22 of 24 people found the following review helpful
5.0 out of 5 stars Resurrection of the KGB, 20 May 2007
This review is from: Blowing Up Russia (Hardcover)
Litvinenko wanted to publish this book, but no one in the West wanted to listen--except that is the Russian secret service who confiscated 4000 copies smuggled from Latvia printing presses into Moscow. And no wonder. This book focuses on how elements of the old Soviet regime sought to steer Russia away from the liberal reforms since the fall of the old USSR. The multiple apartment bombings which ripped across the country in 1999, killing hundreds, were more than suspicious. The 'terrorists' were condemned and the tragedies quickly used as an excuse to drag Russia into a second wretched war with Chechnya which continues to this day. The book's spotlight on the attempted bombing in Ryazan leaves little doubt as to who the enemy really was...

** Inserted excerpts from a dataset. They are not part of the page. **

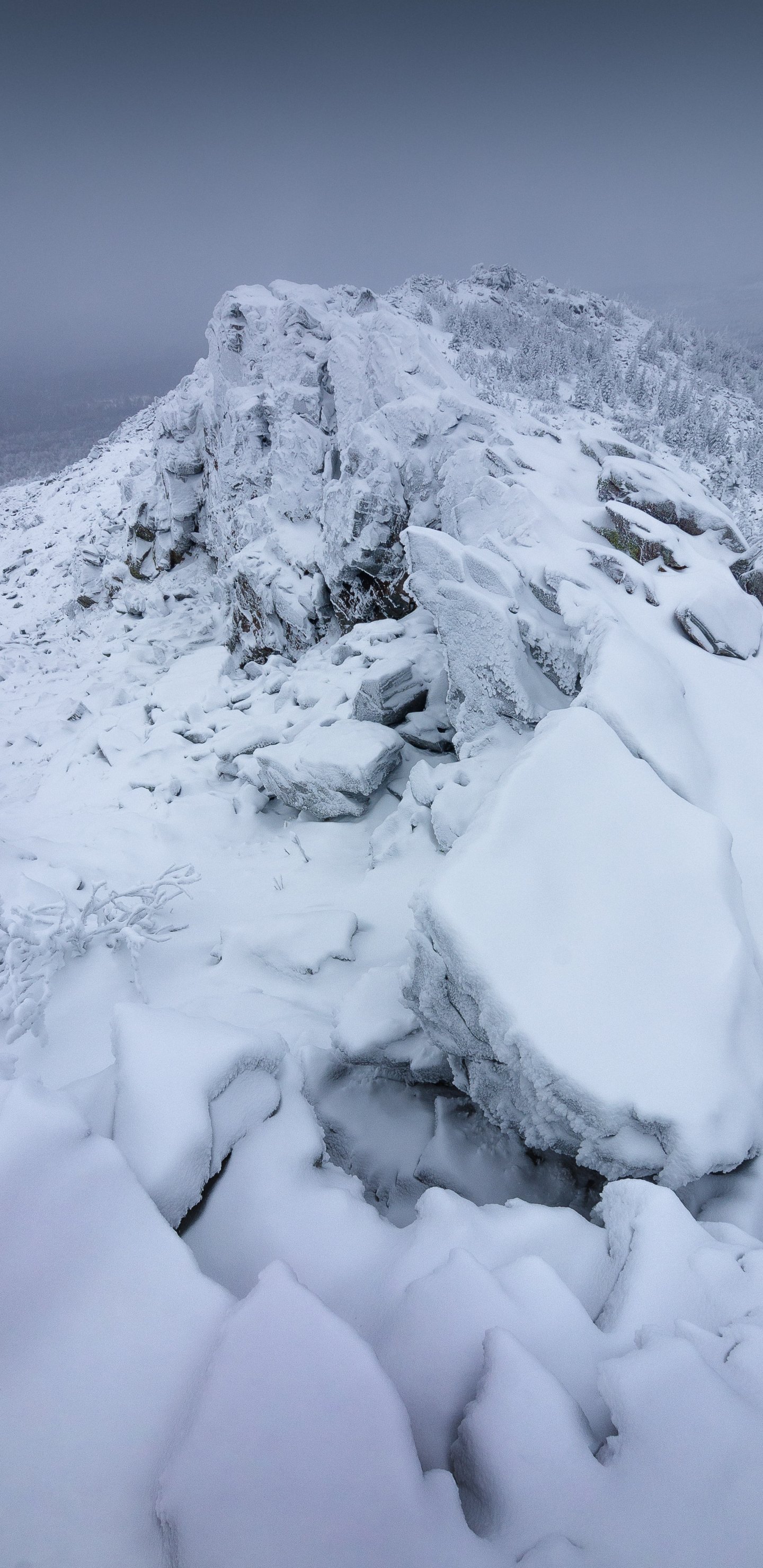 Обои: горный хребет, снег, зима - 1440x2960
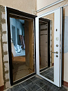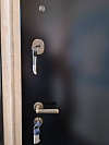 Дверь для городской квартиры, где важны порядок у порога и удобство внутри. Снаружи — металл с порошковым покрытием в глубокий тёмный тон: шагрень скрывает следы эксплуатации, не капризничает к влажной уборке подъезда и аккуратно выглядит годами. Внутри — МДФ с большим зеркалом из ПВХ: оно визуально расширяет прихожую, не бьётся как стекло и не боится перепадов влажности. Контур уплотнения даёт плотную посадку без сквозняков и запахов с площадки, глазок обеспечивает контроль, «ночная» задвижка позволяет запереться изнутри без ключа. Декоративная фурнитура под бронзу с фактурной ручкой добавляет характер, а двухцветная окраска металла подчёркивает идею: строгий фасад снаружи, свет и порядок внутри.
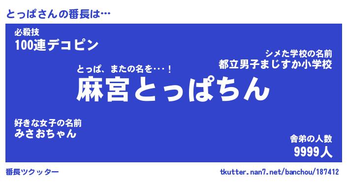 | ポケモン風あだ名 | 『トッチュウ』『トッパダネ』 |
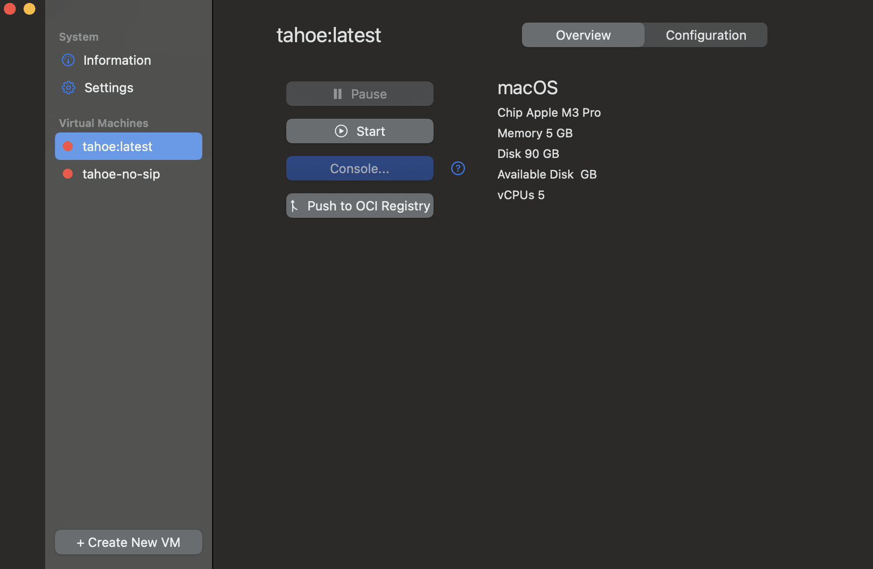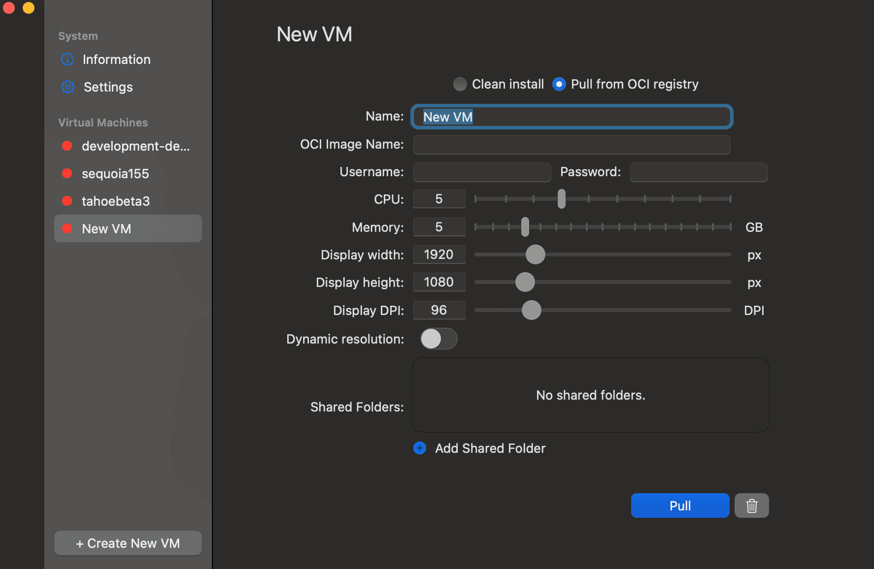 MacStadium provides two flavors of images - a base image with macOS installed, and a no-sip image, configured with SIP protection disabled to allow for security testing. After opening Orka Desktop, click ‘Create New VM’ and navigate to the ‘Pull from OCI registry’ option. From there, you can name your VM whatever you prefer. In the ‘OCI image name’ field, enter the following option to pull the MacStadium Tahoe image from GHCR:
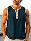 Męskie Koszula Henley Kamizelka Top Podkoszulek lniany Bez rękawów Henley Lato Równina Moda Designerskie Artystyczny Guziki Raw Edge Codzienny Urlop Wyjściowe Biały Rumiany róż Granatowy Top Tee dla
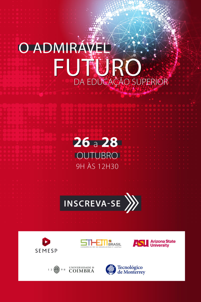 De 26 a 28 de outubro, o Consórcio STHEM Brasil, o Semesp, a Universidade de Coimbra, o Instituto Tecnológico de Monterrey e a Universidade do Estado do Arizona (ASU), com o patrocínio da Fundacred, realização o encontro que discutirá as boas práticas educacionais “O Admirável Mundo da Educação Superior”, totalmente gratuito, on-line e no horário das 9h ao meio-dia.
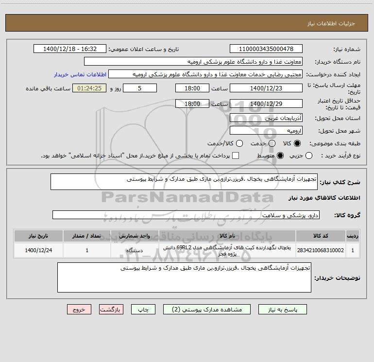 نام دستگاه خریدار:معاونت غذا و دارو دانشگاه علوم پزشکی ارومیه

The book's translation from Russian into English is superb, but the sheer volume of facts and information combined with the never-ending plethora of Russian names makes for a challenging read if you are up to it. The book however is an excellent primer into the Russian mindset of corruption, coercion, and intimidation, and should be studied and kept as a grim reminder of what is possible when criminal elements in the state pursue their own political agendas - and how far they will go when the ends justifies the means in the political game of hardball.

Although the book is a study in extremism, there are still some associations to be made on a lesser level. Propaganda, intimidation, and internal investigations which never seem to come to fruition are just a few that come to mind. Despite the collapse of the USSR, Vladamir Putin, has placed many of his former KGB colleagues in positions of authority alongside him.

As Russians celebrate their "freedom" with the shutdown of the independent press, and genocide committed in Chechnya on a daily basis, I have little doubt that the people of Russia are told they are "winning" the war on terror. When the next 9/11 or Madrid like bombings occur, one where all the "evidence" appears overwhelming and points in only one direction, and yet the enemy, elusive as ever and always just out of arms reach, is never caught or convicted, perhaps you will think to read this book.